La creciente claridad trajo consigo un nuevo día, y los pájaros, con su tempranero canto, anunciaron con gran alboroto el despertar de Manuel. Entumecido y helado nada más abrir los ojos, alzó la cabeza hacia el despejado cielo comprobando, con alivio, que la tormenta ya había pasado. “Gracias”, se dijo a sí mismo mientras se estiraba lentamente para ponerse en pie. Tiritando, se quitó la ropa, la estrujó fuertemente para quitarle toda el agua que la había empapado y la colgó con cuidado sobre las ramas. Desnudo, se frotó repetidamente el cuerpo con las manos y realizó intensos ejercicios físicos para entrar rápidamente en calor. Para calmar la sed, lamió, una a una, las gotas de lluvia que colgaban como gemas de las hojas de olivo a su alcance.
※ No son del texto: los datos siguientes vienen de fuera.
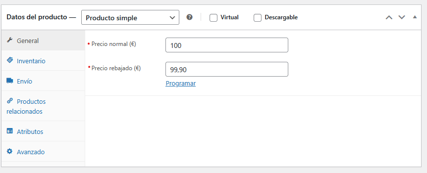 • Precio rebajado (opcional, puedes programar fechas de oferta).
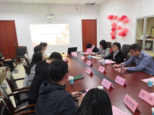 向身边榜样学习环节,教育部第二批全国党建工作样板党支部数理学院物理学科教工党支部副书记于文英以“弘扬专业特色,打造党建品牌”为主题,围绕“七个有力”及“党的一切工作到支部”鲜明导向,介绍支部如何扎实推进“三会一课”,提升支部组织力、凝聚力建设,同时党支部结合物理专业研究方向,积极探索培育学科特色项目等。
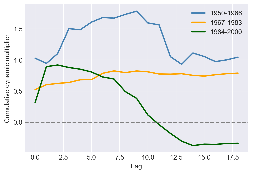 Finally, we examine whether the dynamic multipliers have remained stable over time. One way to assess this is by estimating these multipliers for different subperiods of the sample. For example, we consider the periods 1950–1966, 1967–1983, and 1984–2000. If the multipliers are consistent across all three periods, their estimates should be similar, and the estimated cumulative multipliers should also align. To investigate this, we re-estimate Model 2 for each subperiod and compare the estimated cumulative dynamic multipliers in Figure 25.4. The figure shows that the estimated cumulative dynamic multipliers are relatively larger in the first subperiod compared to the other two subperiods. This suggests that the effect of freezing degree days on real prices has decreased over time.
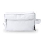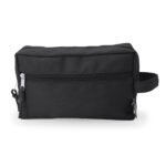 Toilet bag with two zip compartments and matching carry strap. Strap in puller and outer RPET logo label.
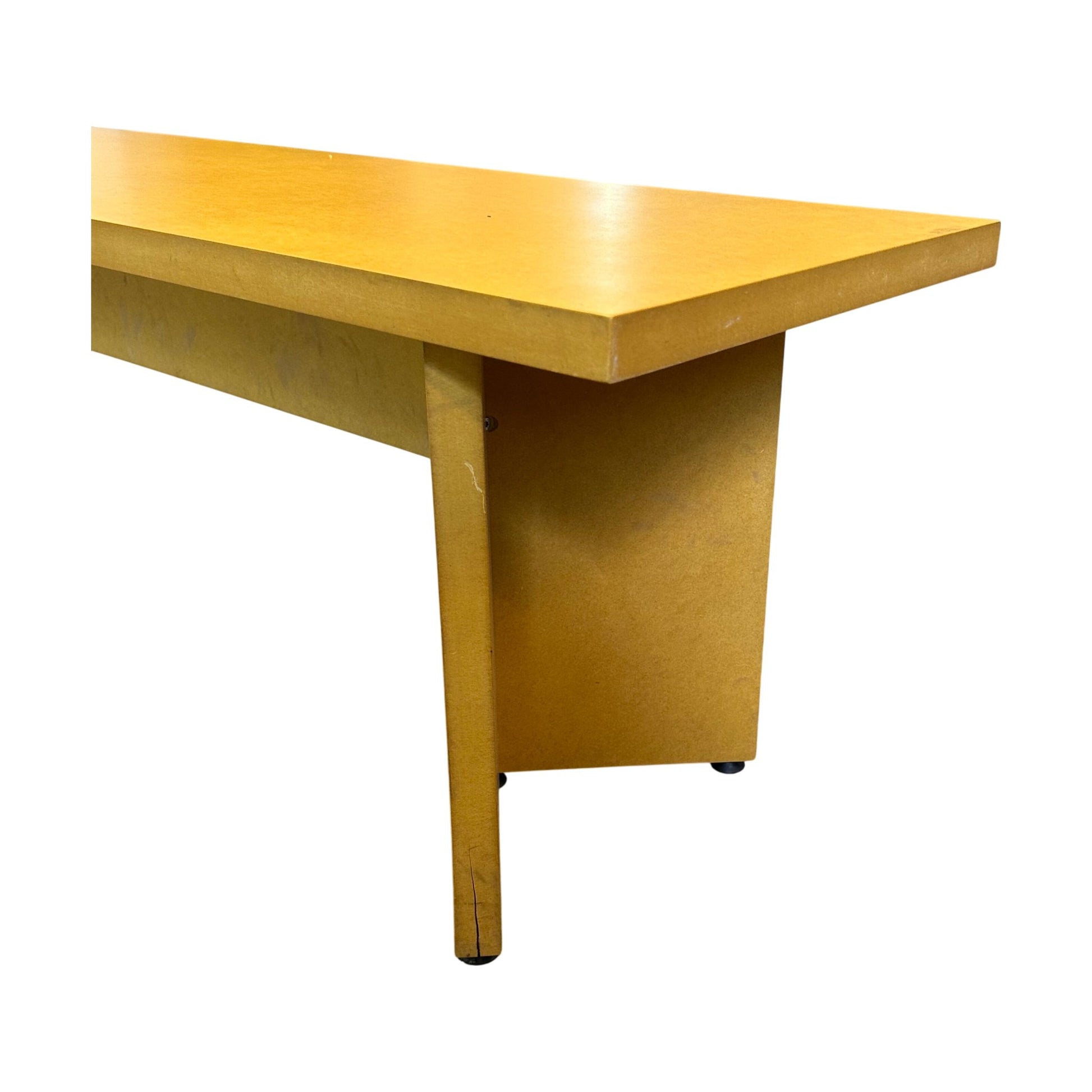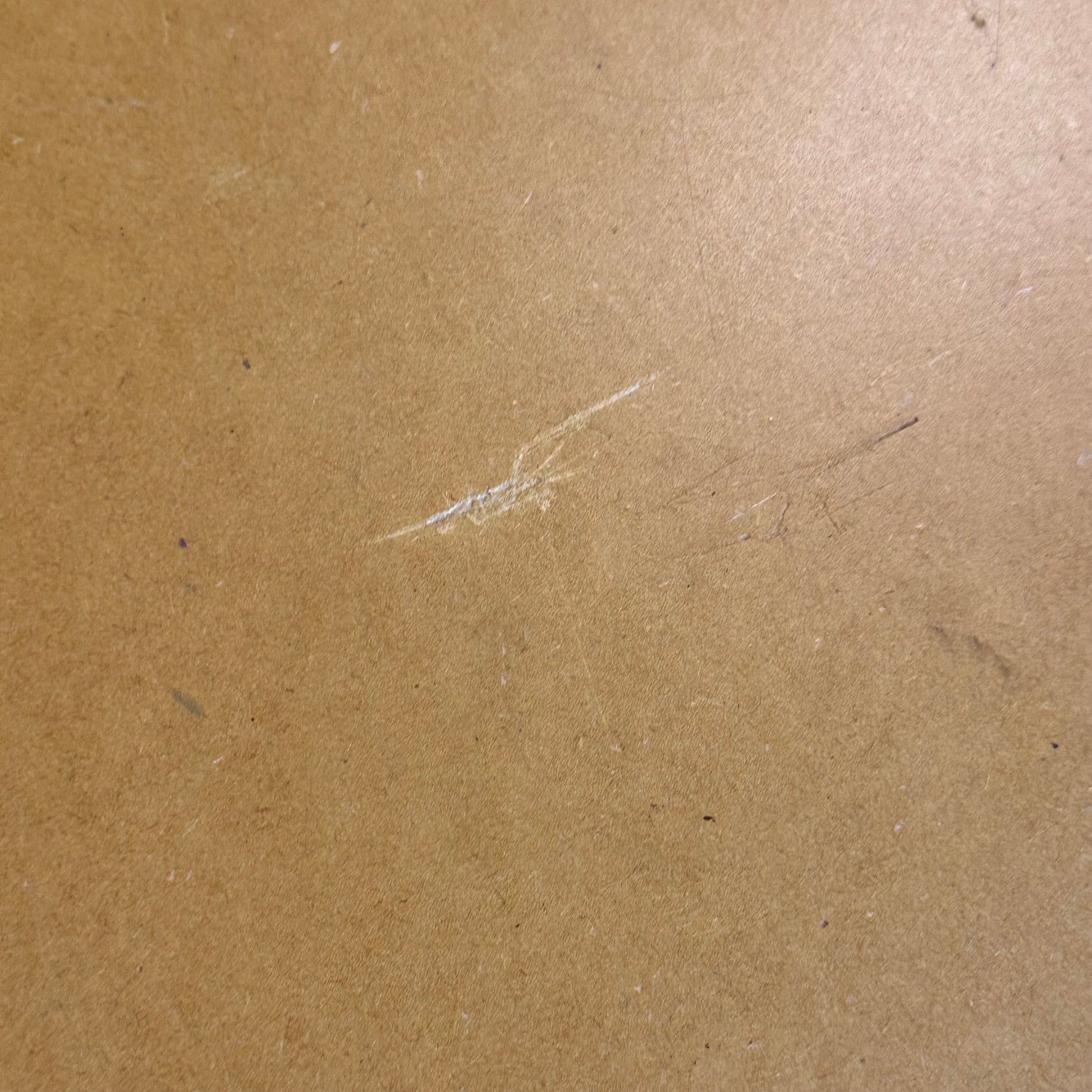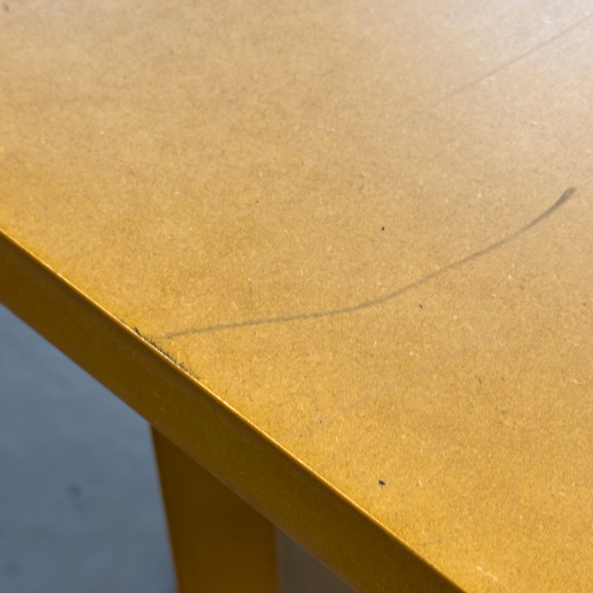 Benken har noen merker og skrammer i platen, samt enkelte sprekker og hakk i bena. Dette påvirker ikke bruken, og benken er fortsatt i god tilstand.

Y aunque sólo fuera mínimamente, algo reforzado, retomó su regreso; y únicamente, con los zapatos puestos, comenzó a caminar de nuevo hacia el sur guiándose por el sol que apenas acababa de asomar.

 

El día se iba calentando a medida que el sol trepaba con firmeza a través de la mañana. Tras varias horas de desnuda y solitaria caminata, decidió descansar un rato al llegar a lo alto de una colina desde la que se podía ver todo el paisaje a la redonda: la huerta valenciana en todo su esplendor de primavera. Y él ahí, contemplándola, aún con vida,  desde aquella pequeña cima, desnudo y solo, como si fuera un desterrado Adán. Aprovechó entonces para extender su ropa sobre unas rocas para que el sol la secase y para comerse con tranquilidad unas naranjas que había cogido por el camino. Al terminar, se tumbó sobre la fresca hierba y se encendió un cigarro que había conseguido salvar de la lluvia en un bolsillo interior de su chaqueta. Con los ojos cerrados, calentando el sol su cuerpo desnudo, saboreó lentamente el humo, calada tras calada, y sintió apoderarse de él una irremediable inmensa alegría, que le inundó por completo como no le ocurría desde su infancia. “Sólo por un momento así vale la pena una vida…” resonó una voz en su interior, tan conocida como misteriosa. Y en esa sensación de dicha completa, tumbado al sol en la sagrada tierra, se mantuvo sin tiempo hasta caer rendido por un sueño tan reparador como luminoso.

 

Cuando volvió a despertar, aunque sabía que debía regresar con prontitud antes de que los franquistas se hicieran con las últimas zonas libres por las que él debía retornar, recogió con calma la ya seca y limpia ropa y se vistió sereno contemplando, con la cabeza bien alta, el lejano y circular horizonte desde aquel pequeño cerro, como si fuera, ahora sí, de verdad, de nuevo el primer hombre. Y volvió a emprender con entereza su camino con la seguridad del que se sabe ya en casa.

 



[1] Canción escrita en Valencia a mediados del año 1938 bajo el título de “Peleamos” por Pedro Garfias, poeta vanguardista inicialmente ligado al Ultraísmo y fundador de la Alianza de Intelectuales Antifascistas para la Defensa de la Cultura.